6 Replies Latest reply on Sep 5, 2008 7:46 AM by Adrian Brock

    Pooling stress tests failing

    Adrian Brock Master
        • 1. Re: Pooling stress tests failing
          Adrian Brock Master

          NOTE: You can run these stress tests for longer and with more threads, etc.
          by starting JBoss with the relevant system properties:

          See EJBTestCase:

           protected int getThreadCount()
           {
           int result = Integer.getInteger("jbosstest.threadcount", JBossTestServices.DEFAULT_THREADCOUNT).intValue();
           log.debug("jbosstest.threadcount=" + result);
           return result;
           }
          
           protected int getIterationCount()
           {
           int result = Integer.getInteger("jbosstest.iterationcount", JBossTestServices.DEFAULT_ITERATIONCOUNT).intValue();
           log.debug("jbosstest.iterationcount=" + result);
           return result;
           }
          
           protected int getBeanCount()
           {
           int result = Integer.getInteger("jbosstest.beancount", JBossTestServices.DEFAULT_BEANCOUNT).intValue();
           log.debug("jbosstest.beancount=" + result);
           return result;
           }
          


          • 2. Re: Pooling stress tests failing
            Jesper Pedersen Master

            The issue should be transient as the testcases are passing on my laptop.

            It looks like #881 had problems with load on the machine as BasicTimerUnitTestCase also had a timeout problem.

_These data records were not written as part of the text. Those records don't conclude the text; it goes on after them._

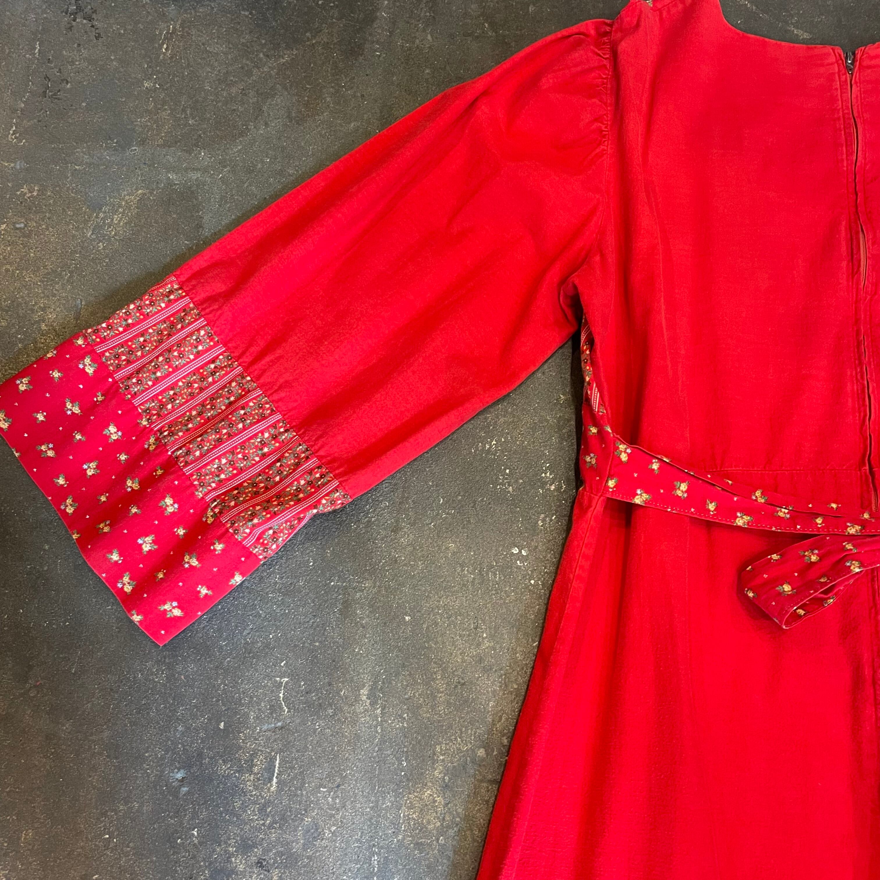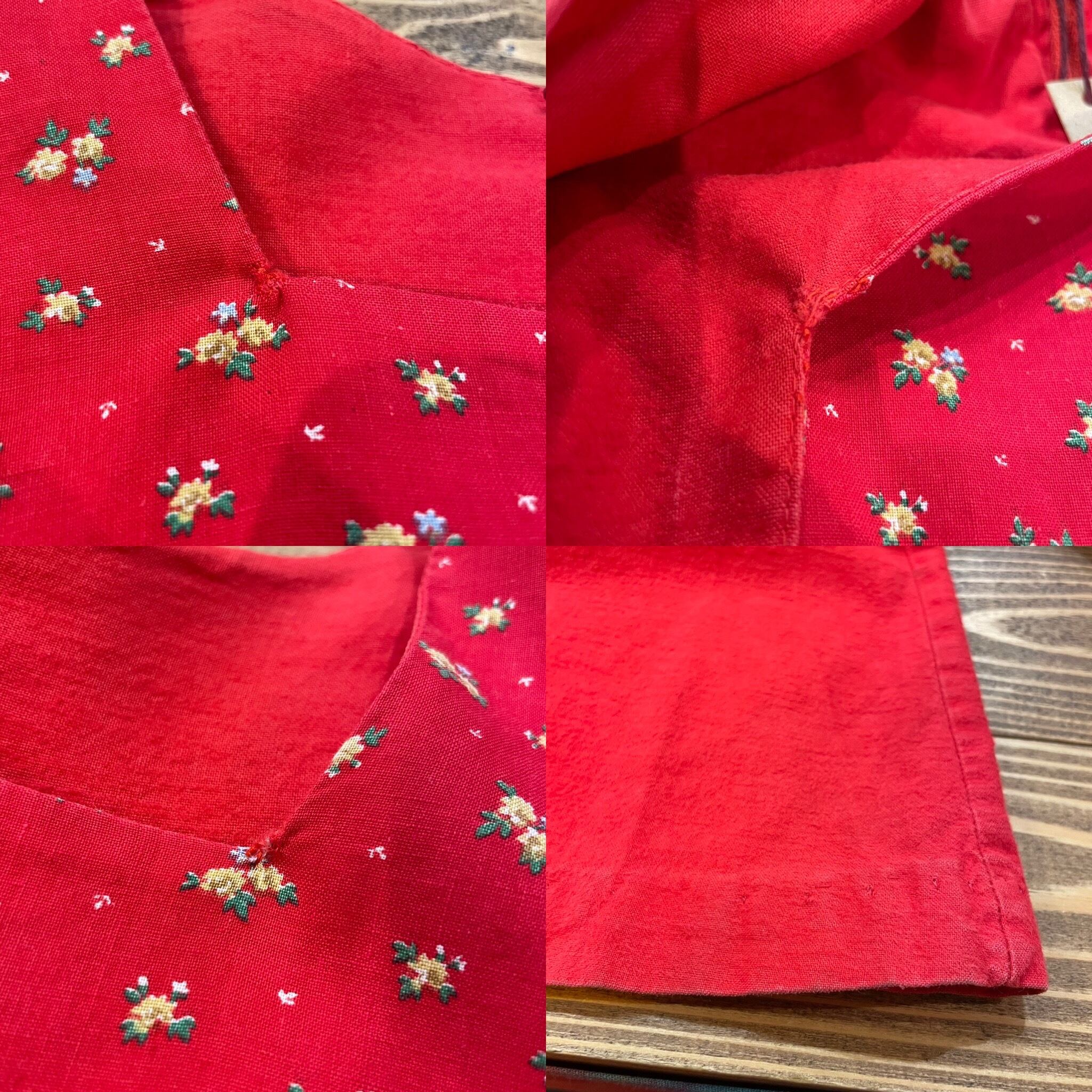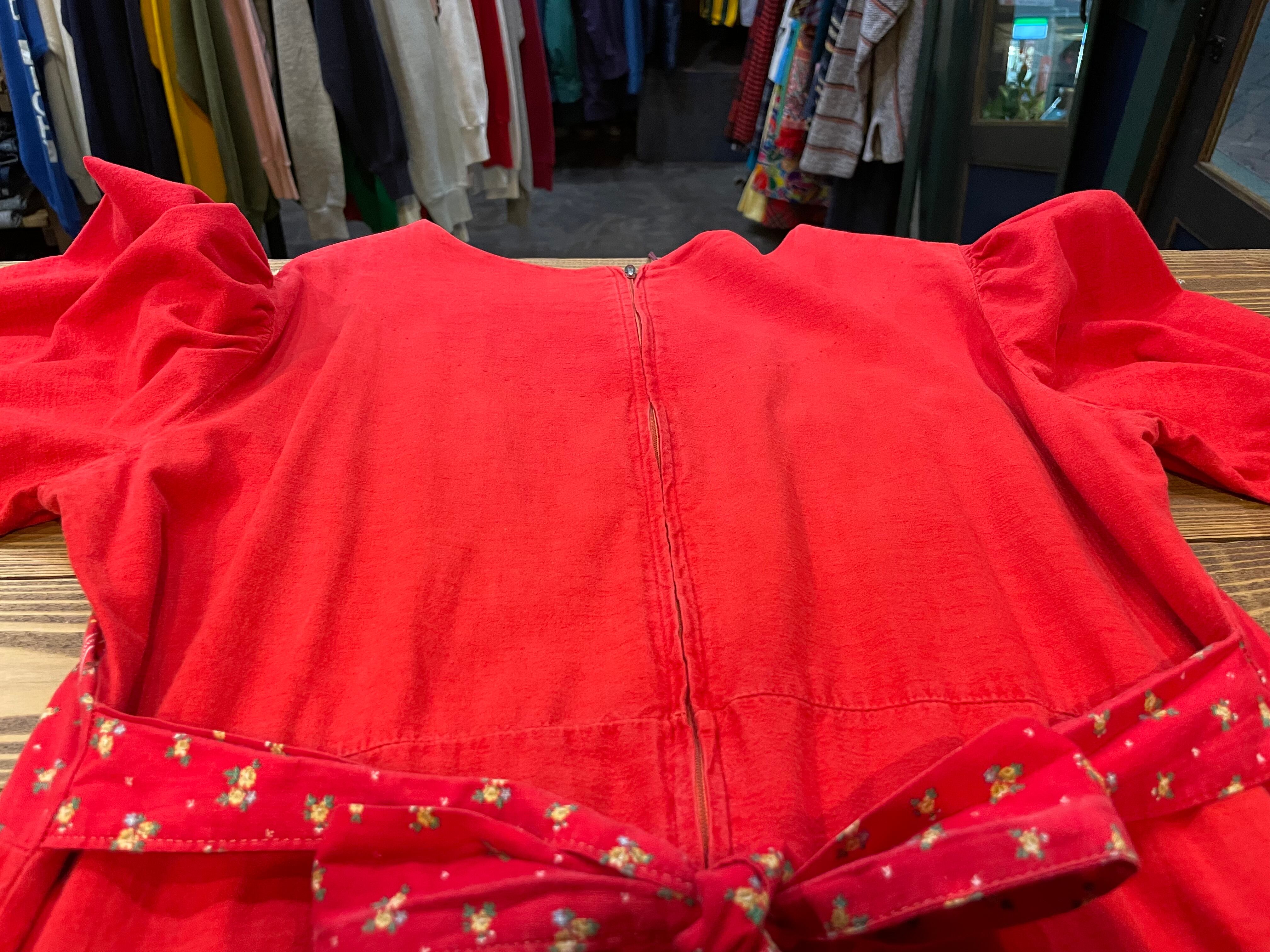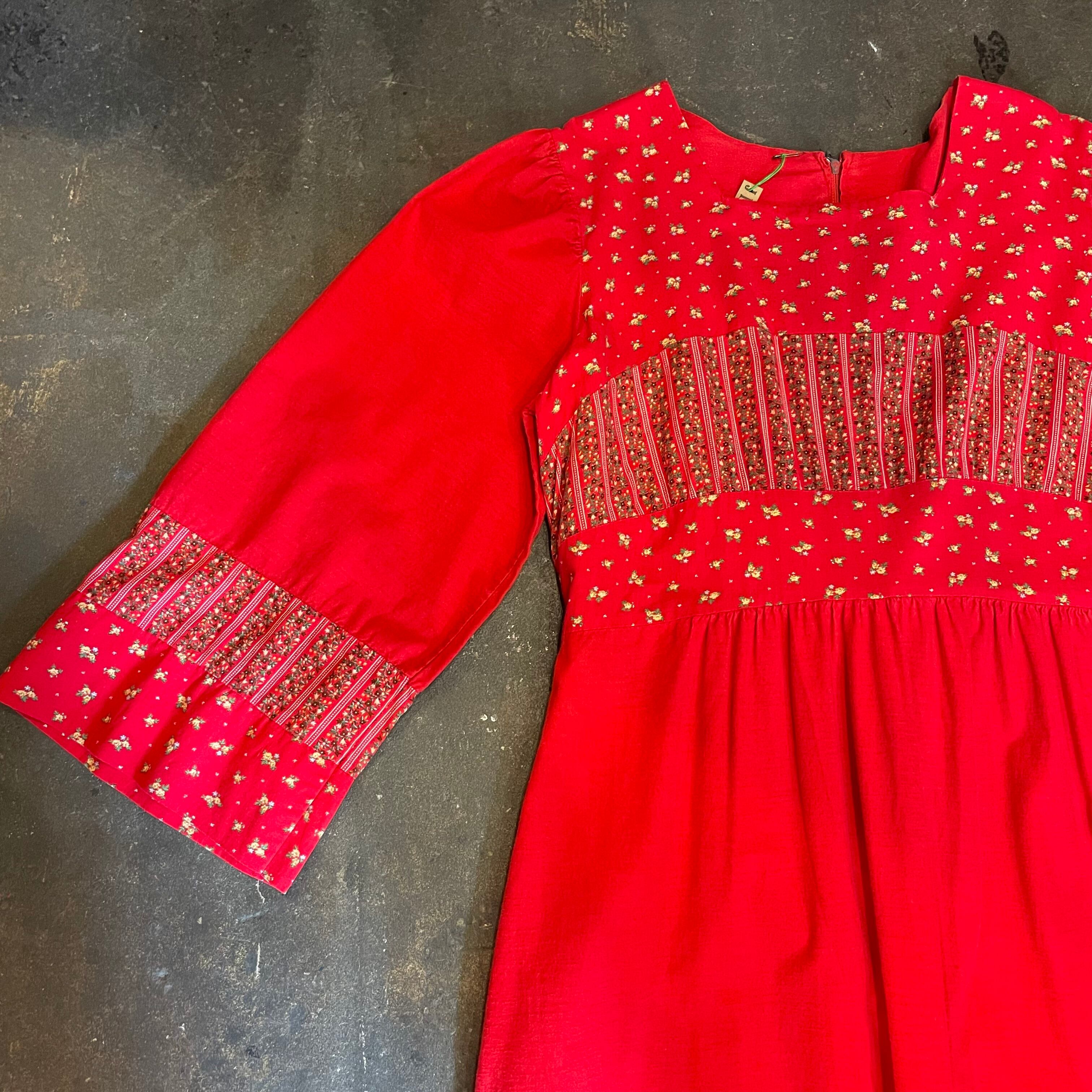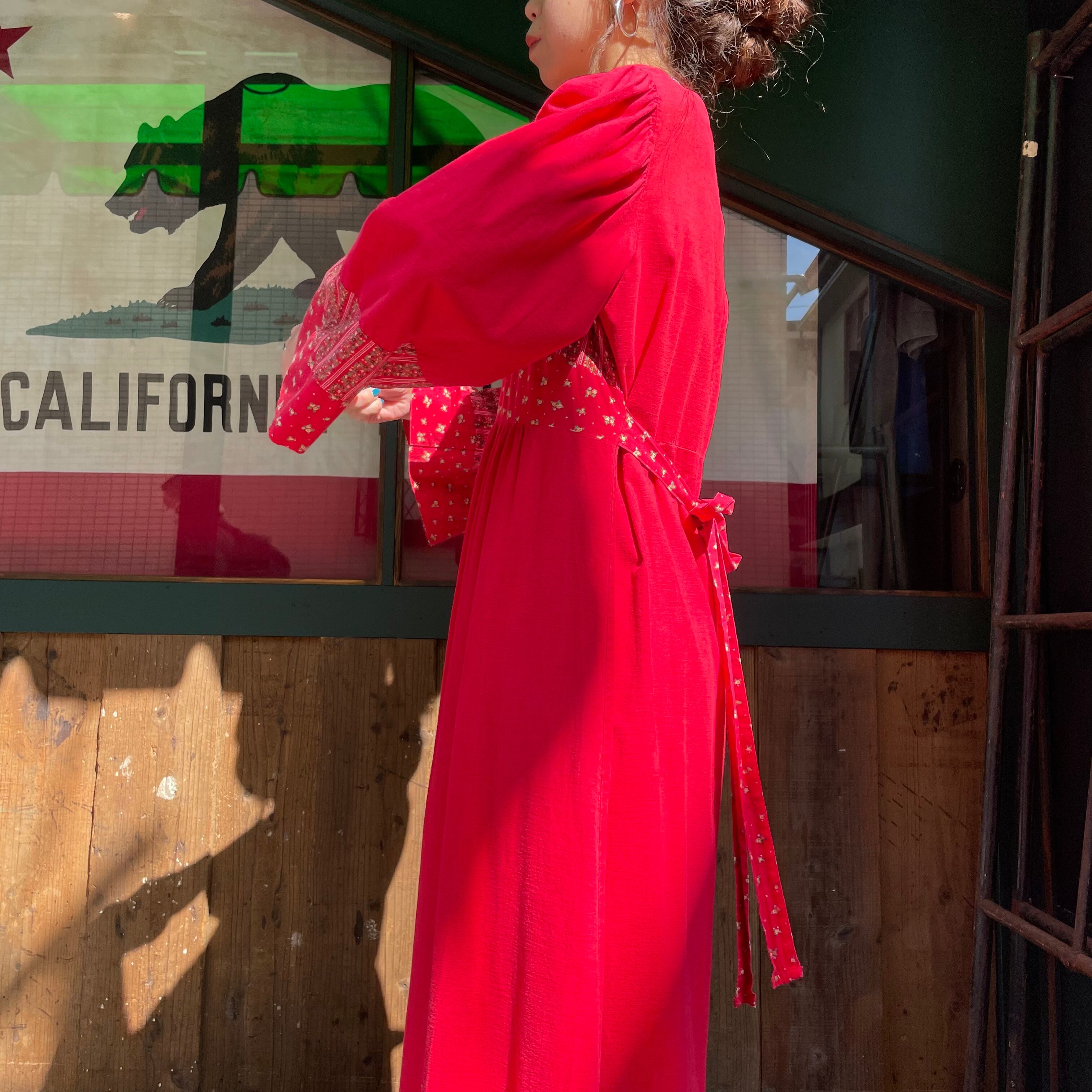 胸下切り替えのフレアスリーブでマキシ丈の70'sらしいデザインのワンピースです。小花柄2種類と真っ赤な無地の切り替えがシンプルでかわいいです。
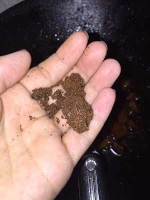 翻炒大约十分钟到十五分钟左右,我没把时间,还是要看肥肉的油是不是炒出了五成左右,然后加入生抽和老抽,用量根据自己喜欢的颜色加入,翻炒均匀
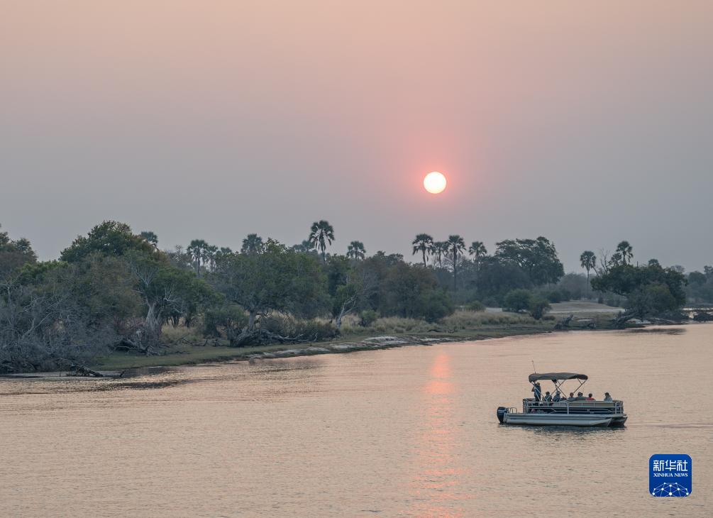 这是2023年8月23日在赞比亚拍摄的赞比西河上的游船。
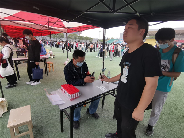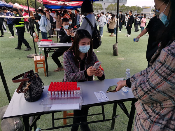 现场,师生党员们坚守岗位、分工协作、细致认真,熟练扫码、采样,参与维护现场秩序,从15:00到18:00,共采集21536份师生核酸样本,圆满完成采样工作。
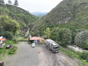 Schon früh um 07:00 Uhr sind wir draußen, um bei der Fütterung der Tukane dabei zu sein. Pedro hat schon halbe Bananen auf Ästen aufgespießt uns so heißt es für uns leise und geduldig zu sein. Das können nicht alle und so herrscht erst Ruhe als Silvia wieder zurück ins Haus geht. Tatsächlich kommen dann die Tukane wenig später, um Ihre Leckereien abzuholen. Anschließend verabschieden wir uns von allen und starten zu unserem nächsten Besuchsspot dem Midad del Mondo in der Stadt San Antonia de Pichincha. Hier haben sich sie alten Heren aber ordentlich vermessen, denn der wahre Mittelpunkt der Erde liegt gute 68 Kilometer von hier entfernt. Hier ist richtig viel los und die Museen sind schön gemacht. Doch wir wollen weiter zum echten Mittelpunkt der Erde und so fahren wir weiter. Es ist schon sehr spät am Nachmittag, als wir am Solar Museum ankommen. Hier steht eine große rote Säule, die den tatsächlichen Mittelpunkt der Erde markiert. Das bestätigt auch meine Garmin Uhr die 00.00.0000 anzeigt. Es gibt hier auch einen schönen Agavengarten der tolle Pflanzen beinhaltet. Da Zora hier überall mit gehen darf können wir uns lange aufhalten. Wir haben unterwegs noch das Reservat Puhulahua angefahren. Doch zum einen sind hier Hunde verboten und der Krater steckt im tiefen Nebel. Wir fahren einen teil die Piste runter zum Krater, doch als alles im Nebel versinkt, drehen wir um. Etwas weiter oben lichtet sich der Nebel etwas und wir können ein kleine Runde wandern. Zum Übernachten stellen wir uns an die Piscina Termales Guachala. Hier kann man auf dem Parkplatz kostenlos stehen. Es ist zwar alles die gesamte Nacht hell beleuchtet und der Rio Pisque führt Hochwasser und ist sehr laut, doch das stört keinen mehr und so wird es eine gute Nacht. Bereits um 04:00 Uhr öffnet das Bad schon wieder.
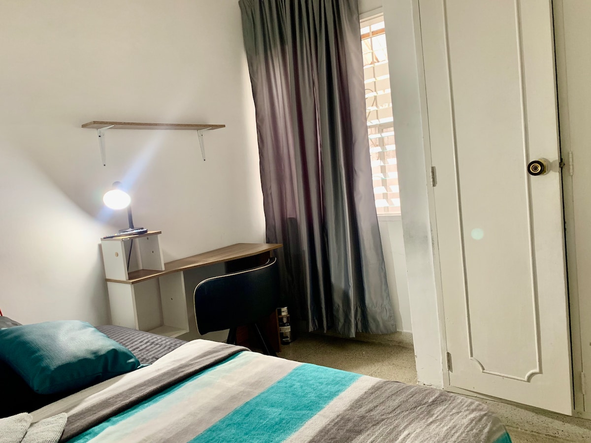 Room with 1 King bed + 1 Twin bed or 3 Twin beds. Bright and stylish with a renovated colonial design, featuring a private bathroom, safe, and daily breakfast. Perfect for families, couples, and digital nomads seeking comfort and cultural connection: enjoy our coworking area with high-speed internet. Relax in the lush indoor patio, TV lounge, shared dining room, and fully equipped kitchen. Just steps from the metro, restaurants, and bars. Laundry service available upon request.
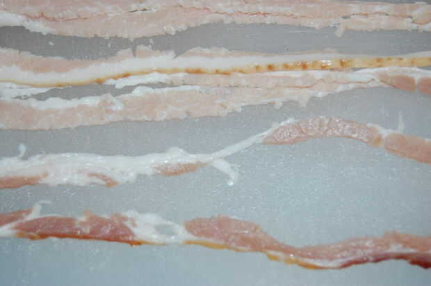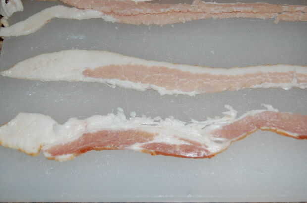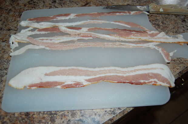 No quiero un trozo enorme de tocino para trabajar, así que lo corte en tiras finas. Cortarlo por la mitad y luego en cuartos. No es la cosa más fácil del mundo para cortar el tocino en tiras finas, pero con un poco de trabajo cuidadoso puede hacerlo. Guardé las tiras largas, pero consiguen frágil después de la cocción y sobre todo rompieron por la mitad de mí de todos modos. Por cortarlos por la mitad luego también haría más fácil de manejar en las etapas de inmersión, por lo que probablemente iría de esa manera la próxima vez.
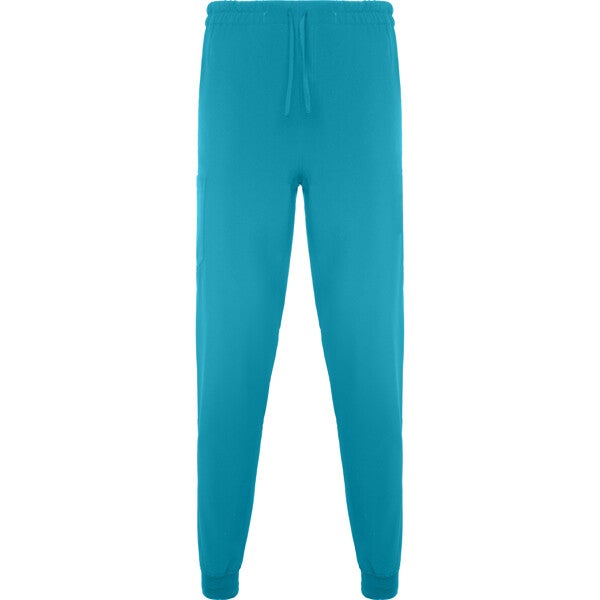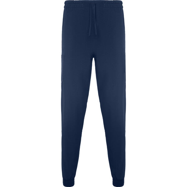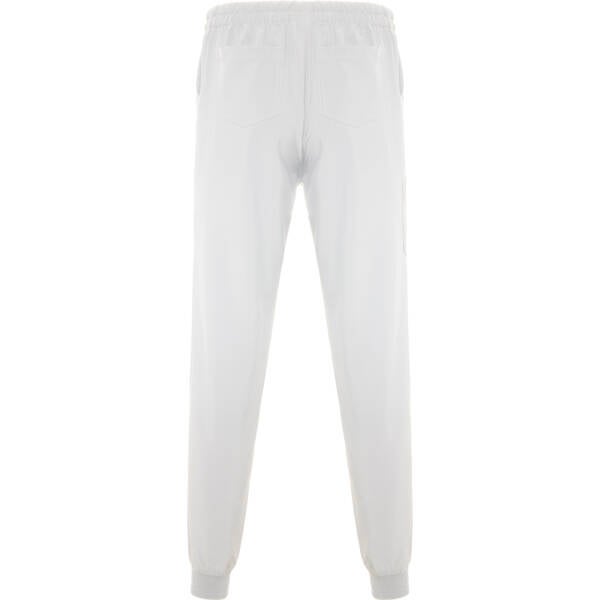 Rechte werkbroek met elastische band bij de enkels. Elastische tailleband en verstelbaar trekkoord. Franse zakken.
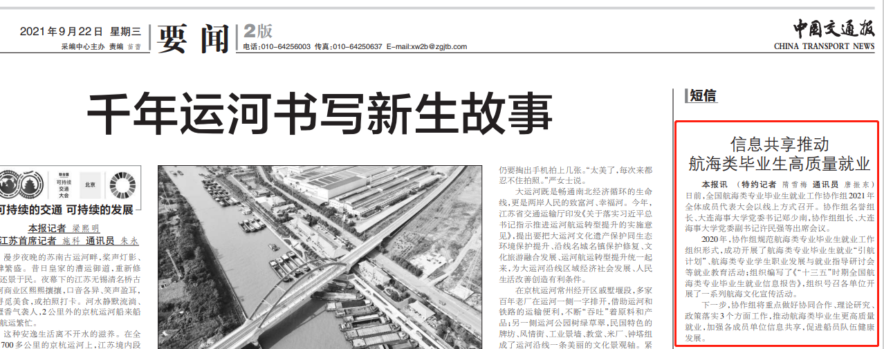 信息共享推动 航海类毕业生高质量就业 本报讯 (特约记者 隋雪梅 通讯员 唐振东)
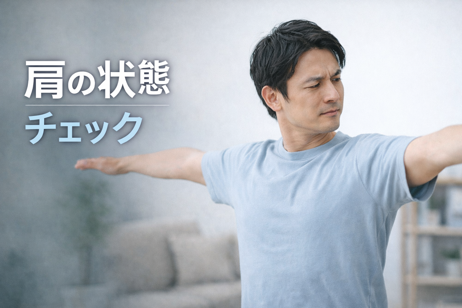肩が張っているときは、まず大きく動かすよりも、ゆっくり伸ばす意識が大切です。
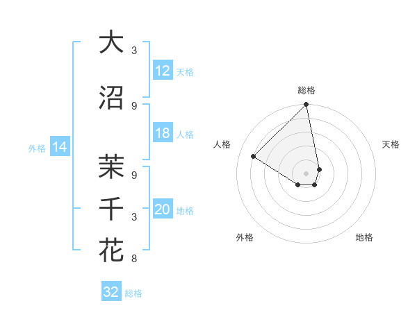 大沼 茉千花さんを姓名の画数から五運を鑑定

            IMHO - we need a dedicated machine (non-VM) to run the testsuite - otherwise the *StressTestCase suites will fail randomly.

            I'll create a new issue if the problem persist or re-open JBAS-5095 if some of the parameters should be changed.

            • 3. Re: Pooling stress tests failing
              Adrian Brock Master

               

              "jesper.pedersen" wrote:
              The issue should be transient as the testcases are passing on my laptop.


              If you think that is really the issue then increase the timeouts in the tests
              so they are not so brittle (same goes for the timer test).

              I haven't seen this test fail before, so you need to validate that you haven't introduced
              a point of contention with your fix. I doubt this new transient failure is a conincidence.

              e.g. Run this test (and maybe some of the other stress tests)
              with more load for a longer time with both the old and new code
              and see hoiw long it takes.

              • 4. Re: Pooling stress tests failing
                Jesper Pedersen Master

                The TxConnectionManagerStressTestCase is new -- committed together with the fix for JBAS-5095.

                I have used both the BaseConnectionManagerStressTestCase (Non-TX) and TxConnectionManagerStressTestCase during the development - of course with a full run of org.jboss.test.jca.test.* before committing.

                #881 was the first run on Hudson with TxConnectionManagerStressTestCase - if #882 also fails I'll increase the timeout value.

                The TxConnectionManager based stress testcases shows a small increase in CPU time due to the synchronization on wasFreed() on my machine compared to the old implementation, but it's a very small increase.

                • 5. Re: Pooling stress tests failing
                  Adrian Brock Master

                   

                  "jesper.pedersen" wrote:
                  The TxConnectionManagerStressTestCase is new -- committed together with the fix for JBAS-5095.

                  I have used both the BaseConnectionManagerStressTestCase (Non-TX) and TxConnectionManagerStressTestCase during the development - of course with a full run of org.jboss.test.jca.test.* before committing.

                  #881 was the first run on Hudson with TxConnectionManagerStressTestCase - if #882 also fails I'll increase the timeout value.


                  One failure is enough, increase it now.
                  How is somebody supposed to know whether they broke something
                  if there are spurious failures?


                  The TxConnectionManager based stress testcases shows a small increase in CPU time due to the synchronization on wasFreed() on my machine compared to the old implementation, but it's a very small increase.


                  Points of contention are caused by waits not cpu utilization (unless the cpu is maxed out).
                  I'm suprised you can even measure the cpu utilization of a single synchronization
                  unless you're deliberately stressing it and it is doing a lot of "spin locking"

                  • 6. Re: Pooling stress tests failing
                    Adrian Brock Master

                     

                    "adrian@jboss.org" wrote:

                    Points of contention are caused by waits


                    So you should look at the real clock times.